John H. Speke

Mit Richard F. Burton entdeckt John H. Speke den Tanganjikasee. Als erster Europäer steht er am Ufer des Victoriasees. Nach seiner Theorie entspringt dort der Nil. Um sie zu beweisen, zieht er ein zweites Mal durch Afrika – und wird fündig.

Caput Nili quaerere» – nach den Quellen des Nil fragen – so lautete ein römisches Sprichwort, wenn jemand etwas wissen wollte, auf das es beim besten Willen keine Antwort gab. John Hanning Speke hört nicht auf, diese Frage zu stellen – bis er ein Ergebnis hat.

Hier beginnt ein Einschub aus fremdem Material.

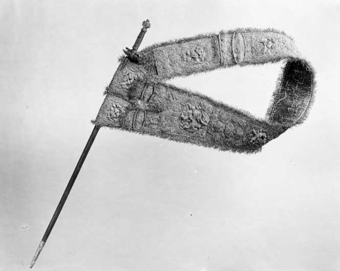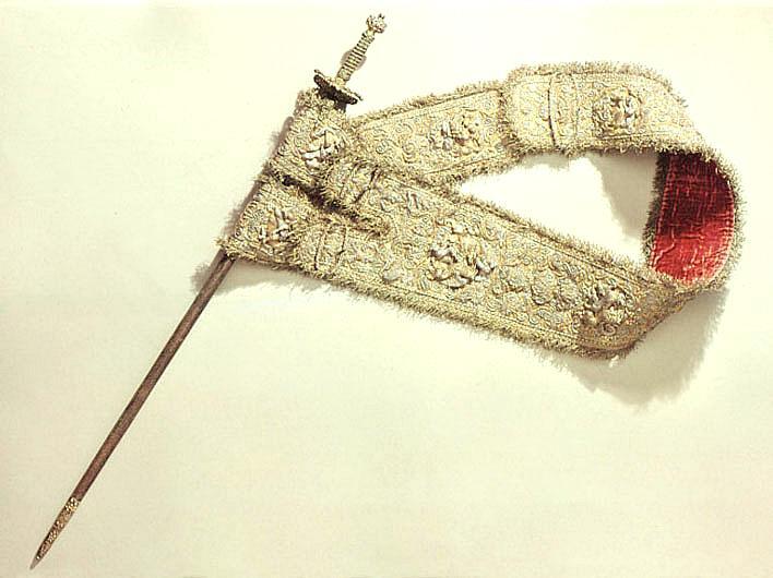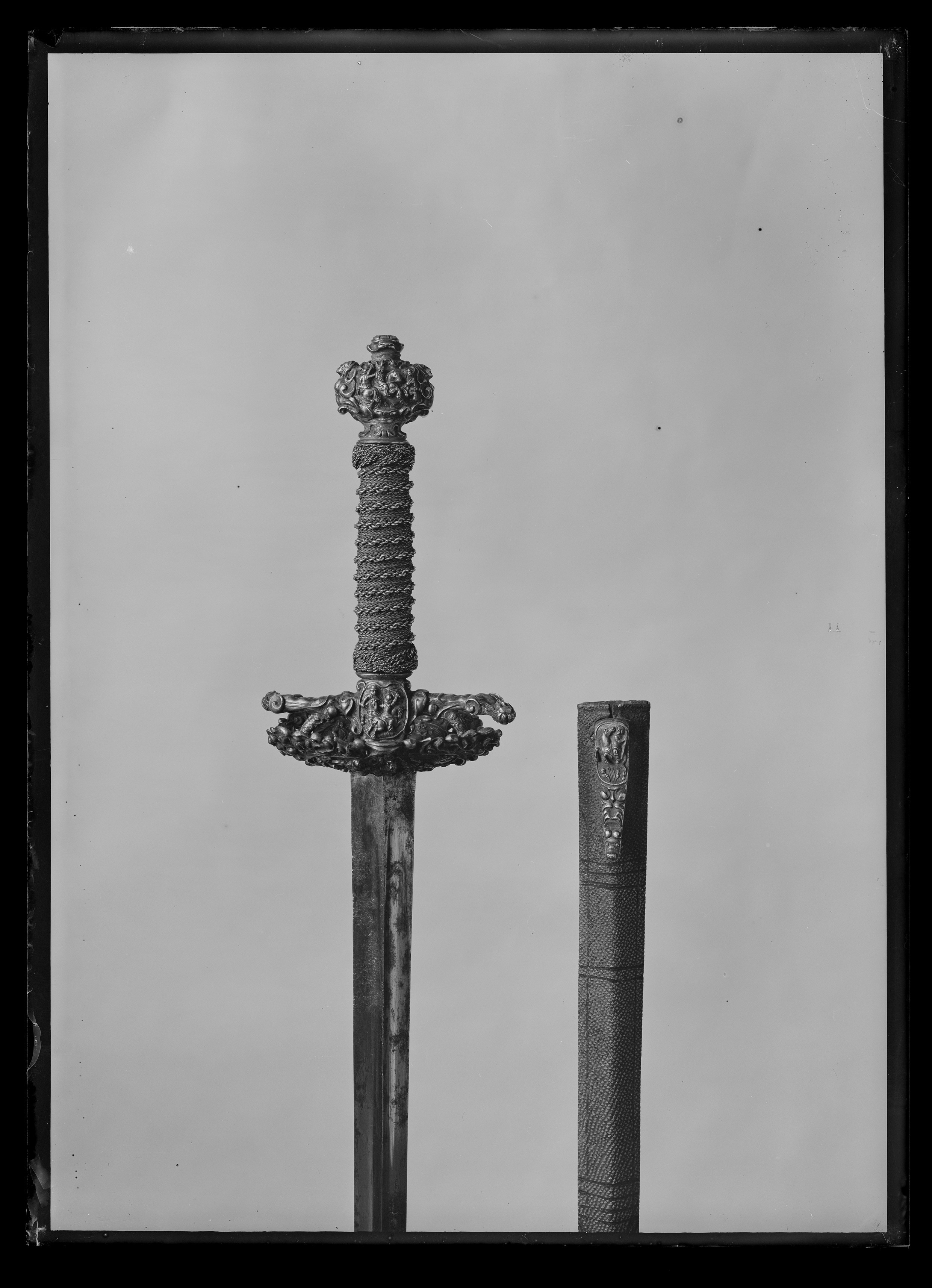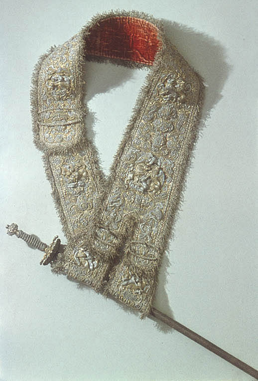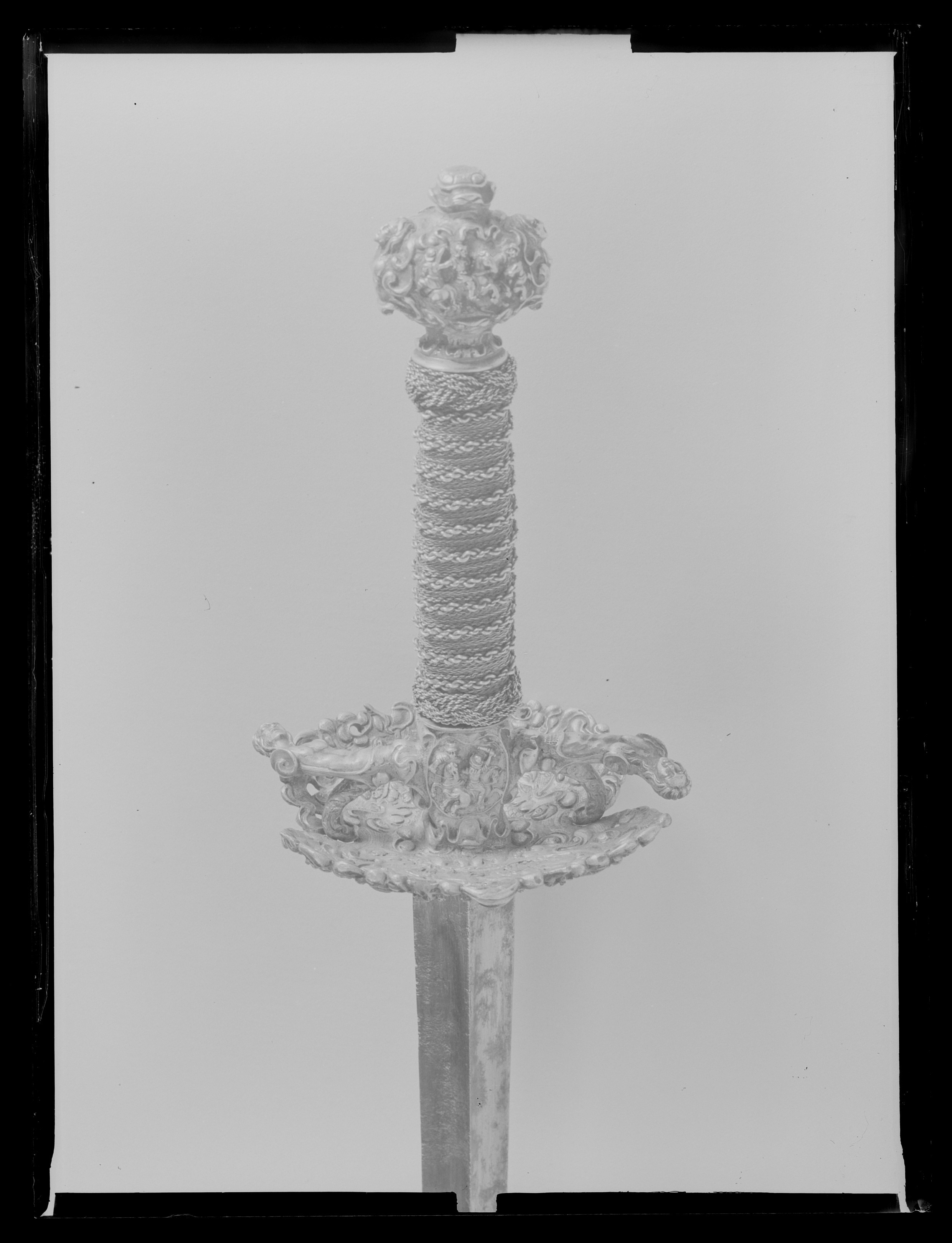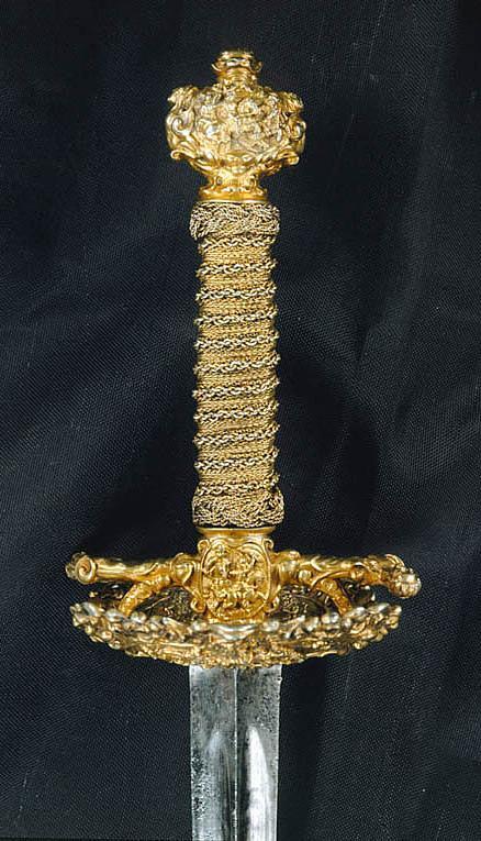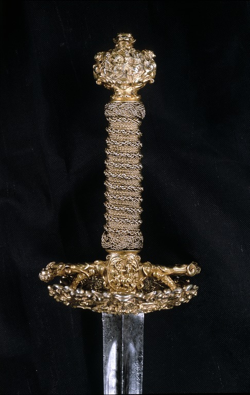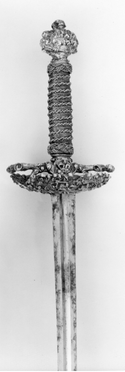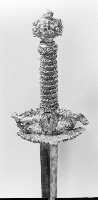 Fäste av gjutet och förgyllt silver, uppbyggt utan handbygel. Ornering över hela ytan i snidad och punsad, hög relief. Knapp oregelbundet bred. Främre och bakre parerstång, den bakre utåt. Fingerbyglar tämligen låga. Parerplåtar kupiga, den yttre något större. Orneringen bestående av scener med ryttarstrider på knappens ut- och insida samt på båda parerplåtarnas ut- och insidor. På ut- och insidan av krysset inom en smal oval ram likaledes ryttarstrider, vardera med endast två figurer. Scenerierna i övrigt omgivna av broskartade ornament, de på parerplåtarna delvis genombrutna. Parerstängerna utformade som smala kvinnofigurer. Kavellindning av tvinnad, tunn, förgylld silvertråd och förgylld mässingstråd, omväxlande med åtta varv tvinnad, grövre silvertråd. Upptill och nedtill en flätad krans av tvinnad silvertråd. Klinga rak, tvåeggad, s. k. stukatklinga, ornering saknas. Yttersta udden av spetsen avbruten.

John H. Speke wird in Bath, im Südwesten Englands, als Kind einer Upper-Class-Familie geboren. Mit 17 entscheidet er sich für eine Offizierskarriere. So kommt Speke nach Indien in die Region von Pandschab. Der Engländer unternimmt Expeditionen in entlegene Winkel des Himalajas, die vor ihm noch kein Europäer betreten hat. Er führt Vermessungen durch, zeichnet die ersten modernen Karten der Region.

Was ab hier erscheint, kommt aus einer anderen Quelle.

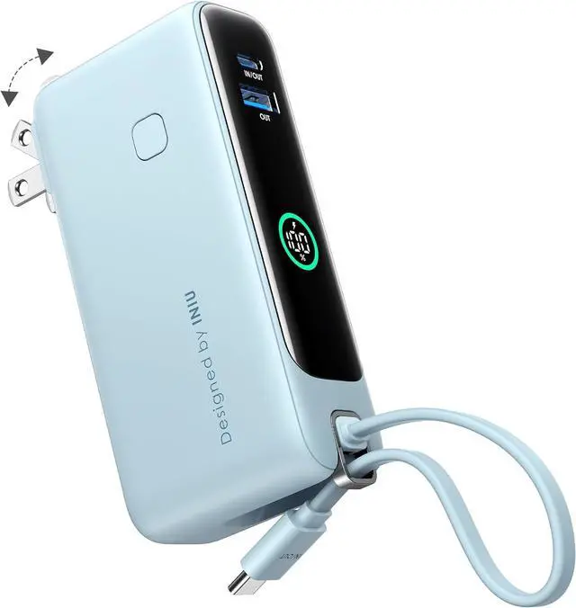 INIU 3-in-1 Portable Charger, Small 10000mah 30W Fast Charging Power Bank with Built-in USB C Cable and Foldable AC Plug, Flight Cruise Ship Travel Phone Charger for College Students Boys Girls, Blue
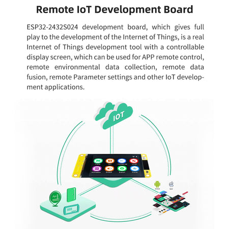 Das ESP32-2432S024-Entwicklungsboard, das die Entwicklung des Internets der Dinge voll ausschöpft, ist ein echtes Internet-of-Things-Entwicklungstool mit einem steuerbaren Anzeigebildschirm, das für die APP-Fernsteuerung, die Fernerfassung von Umgebungsdaten und die Ferndatenfusion verwendet werden kann , Remote-Parametereinstellungen und andere IoT-Entwicklungsanwendungen.
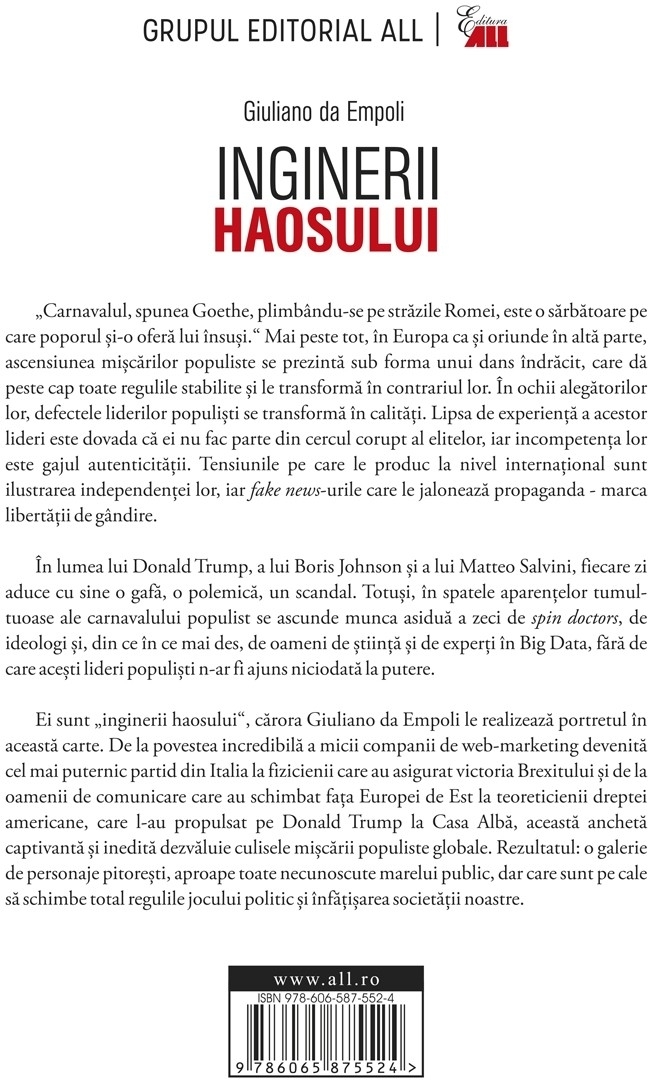 Inginerii haosului merită un loc de cinste pe lista lecturilor obligatorii pentru toți cei dornici să înțeleagă din ce stofă este croită istoria recentă a lumii occidentale. În urma unei anchete captivante și inedite, Giuliano da Empoli scoate la lumină noua paradigmă a vieții politice globale.

1854 trifft John H. Speke in Aden Richard F. Burton , der gerade eine Expedition ins Somaliland am Horn von Afrika plant. Er schließt sich seinem Landsmann an. Doch die Reise im darauf folgenden Jahr scheitert nach einem Überfall durch Eingeborene, noch bevor sie richtig angefangen hat. Danach nimmt Speke als Freiwilliger am Krimkrieg 1853 bis 1856 teil.

Im Jahr 1857 begleitet er Burton auf einer neuen Expedition. Sie soll den Ursprung der Nilquellen klären. Die Reise startet von Bagamoyo am Indischen Ozean und zieht nach Westen in den afrikanischen Kontinent. Speke, schwer an Malaria erkrankt, ist fast blind, als sie im Februar 1858 das Ostufer des Tanganjikasees erreichen. Doch er erholt sich schneller als sein ebenfalls schwerkranker Partner – und beginnt, mit einem Kanu den See zu erkunden.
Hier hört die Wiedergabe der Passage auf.